The blood on the marble floor had long since been cleaned up but Dietrich nonetheless knew the curator of the Nesterov museum was standing in the precise spot where Mr. and Mrs. Dragović had died almost 18 years ago. Dietrich doubted that anyone would recognize the two “Interpol” agents who’d survived that day. His job in 1991 having been done, Dietrich and Günter left Fritz’s body behind before the Ufa police could get there.

This investigation and acquisition, if successful, would mark the first time that Dietrich had plucked from the gates of Hell a ghost that he had personally put there.

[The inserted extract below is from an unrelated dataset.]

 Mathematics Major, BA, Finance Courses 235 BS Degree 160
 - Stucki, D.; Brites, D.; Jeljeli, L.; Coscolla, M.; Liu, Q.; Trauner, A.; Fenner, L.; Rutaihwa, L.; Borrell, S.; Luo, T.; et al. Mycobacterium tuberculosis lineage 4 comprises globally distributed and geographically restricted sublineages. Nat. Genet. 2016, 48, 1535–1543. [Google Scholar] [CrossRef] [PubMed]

If the witness sightings and surveillance videos were to be believed, then Milo and Irina Dragović had finally begun haunting the place of their untimely deaths.

Dragović had been dubbed by a less compliant western press as “the dragon of central Europe.” His casual butchery of his self-perceived political enemies also earned him the moniker “The Butcher of the Urals.”

Yet before he got in bad odor with his people and the Soviet Politburo for his excesses, he was also justly named “The Great Communicator.” Dragović’s oratorical skills were so refined and so effective his speeches were called “hypnotic” by even his most virulent detractors.

During his lifetime, it was said he could even mobilize the dead into doing his bidding. Well, Dietrich thought, let’s put that to the test and see if Dragović could live up to his own press.

It looked as if A.D.E.P.T. had the Moss kid and that he was now being protected. He had the power to unite the spirit world. So Dietrich and his employer decided they needed their own “Great Communicator.”